A year before releasing the CP System II, Capcom released an enhanced version of the original CP System dubbed the CP System Dash, which had some features that would later be used in the CP System II, such as the QSound chips. The CP System Dash boards have four interlocking PCBs contained in gray plastic boxes; this concept of enclosing arcade PCBs in a special plastic enclosure would later be reused for the CP System II hardware.

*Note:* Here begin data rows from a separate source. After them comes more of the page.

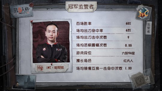 呵呵哒:享受生活享受游戏,注重效率放平心态 2019《第五人格》IVC冬季精英赛已圆满落下帷幕,在11月30日重庆欢乐谷·恺撒宫的决赛现场,IMT战队发挥出了极佳的水平,凭借十分亮眼的发挥战胜Gr战队成功登顶本次IVC冬季精英赛,获得总冠军! 战队夺冠图 赛后很荣幸邀请到了IMT丶呵呵哒进行赛后专访。接下来,让我们一起跟着他了解下IMT战队以及他们对本次IVC征程的感想吧! 呵呵哒个人介绍图 Q:恭喜IMT战队获得本次IVC冬季精英赛冠军,此时此刻最想对支持IMT战队的粉丝们说些什么? A:感谢大家一如既往的支持,没有让大家失望。还想对大家说享受生活,享受游戏。 Q:IMT战队作为一个新组建的战队,在这次IVC冬季赛中战胜了老牌冠军战队Gr,队员们都是怎么想的呢? A:当时我拿了四杀时,相信我的队友们很激动,也算是运气比较好,抓到对手的失误打出了优势。这一路走来,我们一直很艰难,差点都没有出线。虽然我们一直在输,但是我还是心态放平。后来我们打Gr时还是很紧张的,因为有些队友也是第一次参加线下赛。到最后真正赢了是非常高兴的,也算是努力没有白费。 Q:可以说一说你是如何备战线下总决赛的吗? A:为了备战总决赛,我们牺牲直播时间,针对不同的地图和对手的角色池进行了训练,也邀请了一些专精监管者的玩家帮助我们队伍加强训练。我们战队的备战强度适当,注重两点:一是效率,线下我们有很多时间训练,临阵磨枪也是非常重要的;二是心态,如果训练完大家都很累的话,那也会影响比赛的发挥。 Q:我们可以看到你们战队的队长李志轩在比赛虽然没有上场,但是也一直坐在备战席中,他在比赛中扮演了什么角色呢? A:李志轩是我们的队长和教练,他对游戏理解很深刻,平时会监督我们训练,有时候我训练比较累的时候,他也会代替我进行训练。他是很重要的角色,一直帮战队出谋划策,比如在BP的时候会给我们意见,告诉我们该怎么打,怎么带天赋和辅助技能,但他也不做过多干涉,只是点到为止。 Q:成功夺冠,队内的每位成员都功不可没,请分别评价下你的队友们吧! A:四个求生者队友各有千秋,小迪属于发挥非常稳定的选手,对游戏理解非常深刻,在比赛打得不好的时候他主动当指挥位,逆转局势。狐狸想法很多,他和李志轩在比赛前都会讨论角色选择,他的角色池也很深,只是有时候比赛会比较紧张。清唱属于比较稳定的选手,也是非常有潜力的选手。斯文是我们队伍的主前锋位,这次有点紧张,但是后来在比赛中还是抗住了压力,沉稳比赛,在关键局救人没有被恐惧震慑。 Q:可以评价一下你们的对手Gr战队和MFB战队吗? A:MFB战队也是老对手了,不管线上线下都是比较了解的。总体来说,他们也是一个训练很辛苦的战队,他们每次都是惜败,但比赛也是有运气成分的,大家都很强。Gr战队属于非常强的明星战队,这次比赛我的发挥应该是比较好的,但是还是打得很吃力,一直在平局,每次都打满BO3、BO5,是很强的对手。 Q:在本届IVC冬季精英赛中,你多次四杀,是不是每一局的打法都是冲着“四杀”去的? A:队友被四杀后,我才会冲着四杀去打。平时的话,我都是该怎么打就怎么打,保持稳定发挥。果断激进或者保守的决策都会影响打法,所以还是按当时的情况去打,除非是逼不得已必须四杀的时候。 Q:观察到你在比赛中表现的非常沉稳,可以简单聊一聊自己在比赛中的心理想法吗? A:当时心如止水。我就是按平常一样去打,因为我平时也有高强度的排位和训练,大家或多或少都会有些紧张,但是这样的强度比我们正常的排位训练强度要低一些,所以就不用担心,打好自己的就可以了。我能够赢、可以打出好的操作,只要融入到这个游戏中,把自己想成游戏中的角色,就会好很多。 Q:队员们平时生活在不同的城市,线下赛成员难得聚齐,夺冠之后大家是怎么庆祝的呢? A:当天晚上就有重庆的粉丝介绍了一家当地的火锅店,所有队员和线下的粉丝们就一起去吃了火锅,还开了直播,大家都很开心。在比赛之前,难得有机会聚齐,还一起去玩了密室逃脱。 Q:可以谈一谈你当初是怎么接触到《第五人格》这款游戏的呢?玩这款游戏多久了?又是怎么决定走上组战队打比赛成为一个职业玩家的道路的呢? A:从去年4月份开始接触这款游戏,已经有1年8个月了。当时我处于换工作的空档期,就接触到了《第五人格》。因为这款游戏的非对称性机制比较新颖,我想体验一下。后来我打榜,冲到了前50、前30,然后就有人邀请我当主播。慢慢冲榜到榜单前列,大家就觉得我有实力打比赛。 Q:疯眼、红夫人、蜘蛛等不同的监管者你都很擅长,你个人最喜欢哪个监管者? A:我个人最喜欢的是疯眼。但疯眼真的很难玩,要记很多东西,投入很大,也有可能带给你很大的挫败感。所以玩疯眼一定要心态放好。其次,要好好去钻研、总结,因为疯眼这个角色基本上在任何时期都可以掌控全局,所以他需要同时想和做的事情是很多的。既要有想象力,又要有对局势的把握。 Q:可以给粉丝们分享一下平时除了直播和备战赛事,最喜欢做的事是什么吗? A:我会看第五人格其他主播的直播和回放。我比较喜欢养生,毕竟要保持自己的状态,在饮食作息还是生活习惯方面都会做一些调整。我吃素快4年了,每天早上会吃很多维生素、核桃、杏仁和黑芝麻糊,还会喝一些蛋白质。在比赛和排位之前也会睡一觉,这样状态比较好。直播前也会做一下手腕
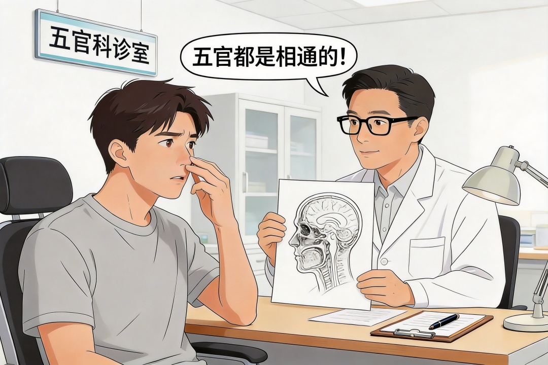 这个问题很常见。鼻腔、眼睛和咽喉,甚至是中耳,其实并不完全是“各管各的”。鼻腔和眼部之间有泪道相通,和中耳有咽鼓管相通,况且鼻腔的分泌物还会向后流向咽喉部。
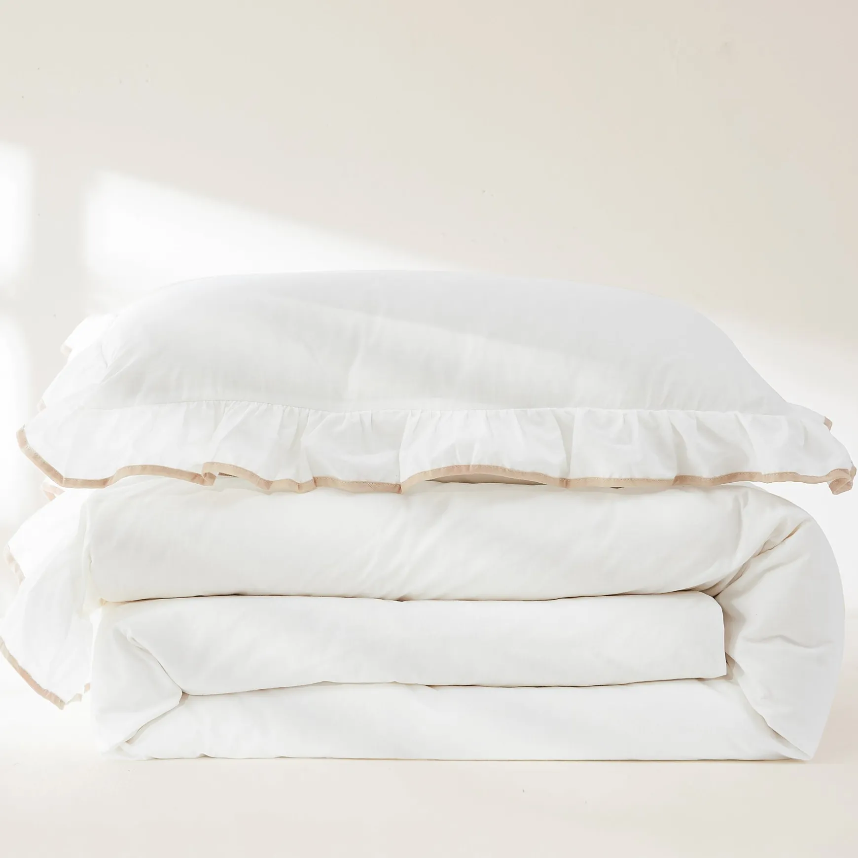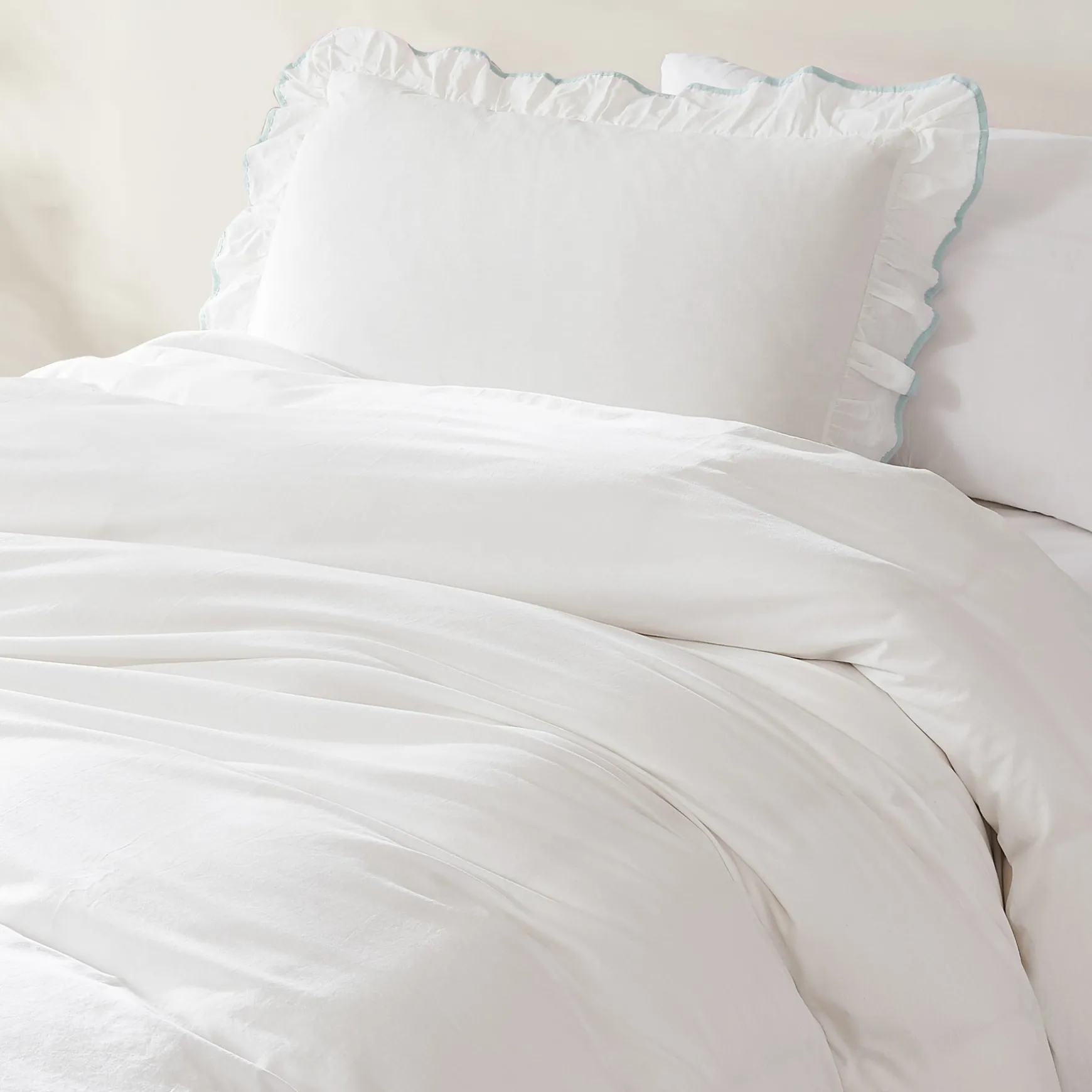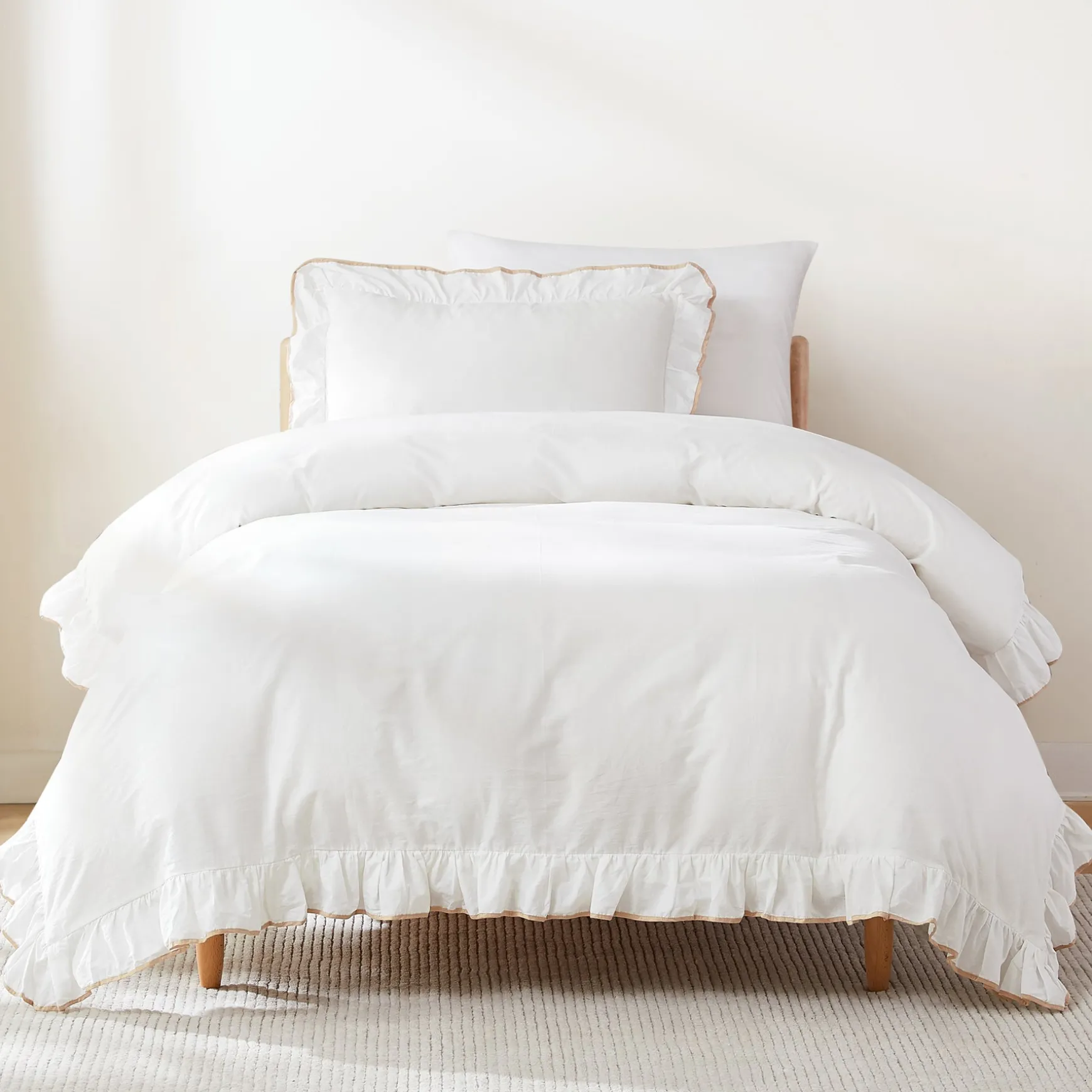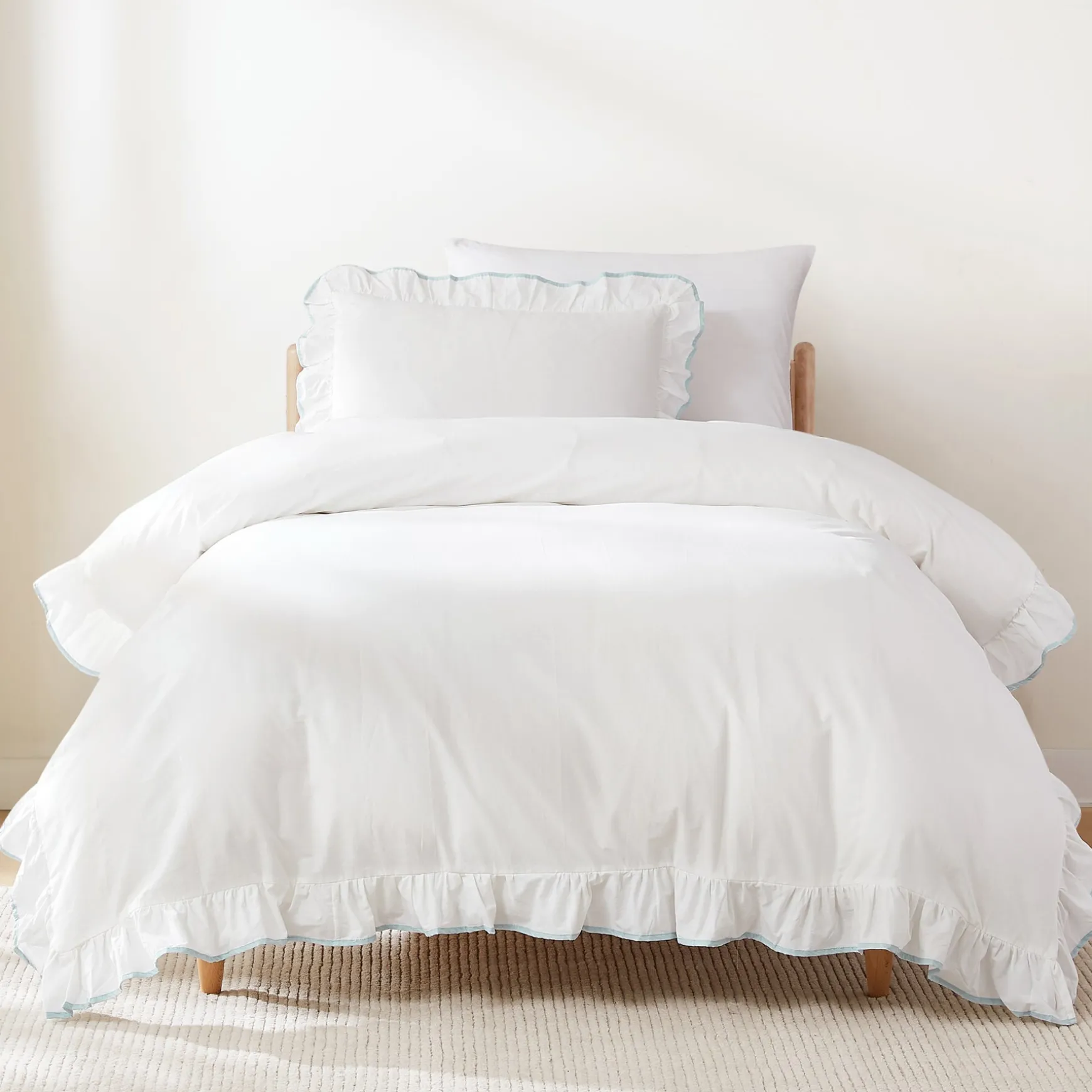 Add a frilly feminine touch to your bedroom with our Reyna Contrast Edge Cotton Duvet Cover Set. This chic bedding set features a charming ruffle trim with a pop of color on the edge, creating a beautiful outlined look.

To combat piracy, "suicide batteries" were implemented, which power the volatile RAM which contained the manual configuration of the display hardware registers, as well as the priorities registers. If the batteries' voltage drops below +2V, the registers manually defined in factory by Capcom in RAM would be lost, and the PPU would no longer have access to the hardware specific register set on the game used. This renders the game inoperable, necessitating the operator sending the board to Capcom to be fixed at their own expense. Unlike the CP System II, the CP System Dash sound ROMs were encrypted using "Kabuki" Z80s. The CP System Dash 68000 code is not encrypted at all.

===List of games (5 games)===
All five games are developed and published by Capcom.

| English title | Release date | Japanese title | Genre |
|---|---|---|---|
| Warriors of Fate Sangokushi II (Asia) | October 2, 1992 | Tenchi o Kurau II: Sekiheki no Tatakai (天地を喰らう2・赤壁の戦い) | Beat 'em up |
| Cadillacs and Dinosaurs | February 1, 1993 | Cadillacs Kyōryū Shinseiki (キャディラックス 恐竜新世紀) | Beat 'em up |
| The Punisher | April 22, 1993 | The Punisher (パニッシャー) | Beat 'em up |
| Saturday Night Slam Masters | July 13, 1993 | Muscle Bomber: The Body Explosion (マッスルボマー -The Body Explosion-) | Sports game |
| Muscle Bomber Duo: Ultimate Team Battle | December 6, 1993 | Muscle Bomber Duo: Heat Up Warriors (マッスルボマーDUO -Heat Up Warriors-) | Sports game |

==Capcom Power System Changer==

A home video game console version of the CP System, the Capcom Power System Changer (or CPS Changer), was released in late 1994 in Japan to compete with SNK's Neo Geo AES. It was Capcom's attempt at selling their arcade games in a home-friendly format.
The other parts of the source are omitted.